For some strange reason I keep thinking about something I read back in 2007. I was doing music posts for my Blogstream blog and had been listening a lot to Dio. I was trying to find a way to do a post about a song of his called "Killing The Dragon". It didn't really make any sense to me until I found an interview he did about the album that song was on. He wouldn't use a computer or much by way of what we call technology these days. He referred to all of it as "heartless little Gods." Said some day we'd be sorry we worshipped at the altar of technology. I'm beginning to wonder if maybe he wasn't right.

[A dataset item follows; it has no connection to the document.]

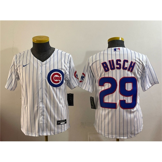 >Youth Chicago Cubs #29 Michael Busch White Cool Base Stitched Baseball Jersey

We used to know that not everything we want to do should be done. We used to understand that as a human, we had baser instincts that were best not indulged in. Now it seems that anything goes. We can do anything we want to entirely because it feels good to us. If it doesn't feel good to you, then too bad, I'm the only one that matters to me. Apparently for some it feels good to debase women in the name of sexual satisfaction. And for others it feels good to corrupt children and make their lives a painful experience. One that will damage them, in many ways, beyond repair.

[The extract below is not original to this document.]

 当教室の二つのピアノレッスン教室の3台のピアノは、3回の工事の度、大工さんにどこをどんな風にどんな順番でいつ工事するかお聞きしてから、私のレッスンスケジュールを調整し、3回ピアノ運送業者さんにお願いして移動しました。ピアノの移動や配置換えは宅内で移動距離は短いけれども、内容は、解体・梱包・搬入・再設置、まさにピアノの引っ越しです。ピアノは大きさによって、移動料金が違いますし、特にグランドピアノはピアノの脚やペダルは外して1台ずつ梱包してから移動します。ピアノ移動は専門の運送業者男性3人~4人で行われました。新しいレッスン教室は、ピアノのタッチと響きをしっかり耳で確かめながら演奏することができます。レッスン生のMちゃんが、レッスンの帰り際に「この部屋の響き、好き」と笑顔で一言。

I have far too many questions and no really good answers. I just know that I am glad I don't have my whole long life ahead of me. I'm afraid to see what the next 50 years is going to bring. If the changes I've witnessed in my lifetime are any indication, we will have entirely lost our souls by then.

Saturday, November 5, 2011

Undercover at Smithfield Foods, Supplier Of The Pork For The McRib



My grandfather was a farmer. Born on the family farm and as an adult went back to work on a farm after losing his factory position during The Great Depression. He was a beef eater, which is probably why he died young, but one thing he would not eat was veal. He couldn't stand the method by which the calves were raised for the veal market. He believed that putting an animal in a box, not allowing it to roam was inhumane. I wonder what he'd eat now since we seem to have moved the veal box into mainstream meat raising?

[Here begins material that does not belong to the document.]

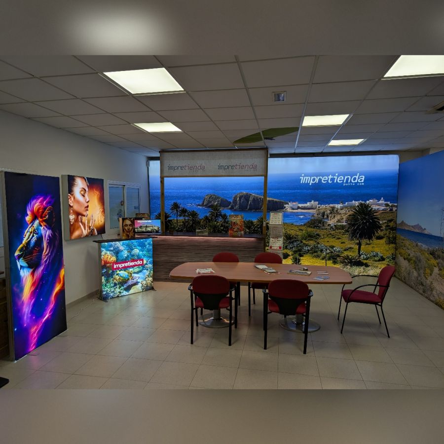 En Impretienda, te ofrecemos este producto con impresión textil en tela backlight certificada FR, confeccionada con silicona perimetral para facilitar el montaje y asegurar la tensión perfecta del tejido.
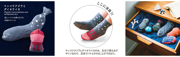 魚が大好きで学生時代は水族館でアルバイトをし、休日には各地の水族館を制覇し、魚を研究するサークルを主宰するほど魚好きな魚女(ぎょじょ)新人プランナーが、好きが高じて開発したこだわりの商品です。靴の中で隠れて見えない暗い世界と深海の共通性をインスピレーションに「靴下で深海魚を!」というひらめきから企画がスタート。魚女ならではの細かいディテールの再現のために試作を重ねたこだわりのデザインで、ユーモラスでかわいく、収納時にも深海魚たちのマスコットとして楽しめる商品に仕上がりました。マッコウクジラとダイオウイカなど左右でデザインが違うものもあり、深海の世界さながら、足先でバトルをさせることもできます。

The more I learn about farming methods today, the less appetizing the products look to me. I can get my eggs from local farms, and my beef, pork and chicken as well. I've been on these farms, seen their operations and they are a far cry from the accepted practices that take place before our meats go to market.

I can no longer afford to eat meat on a daily basis since local farmers charge quite a bit more, but at least I know that what I'm eating wasn't tormented and tortured for my dining pleasure. Besides, a few meatless meals makes for a healthier human. I think Grandpa would be very proud of me. He helped raise a child that is willing to stand up for what she believes. Same as he did.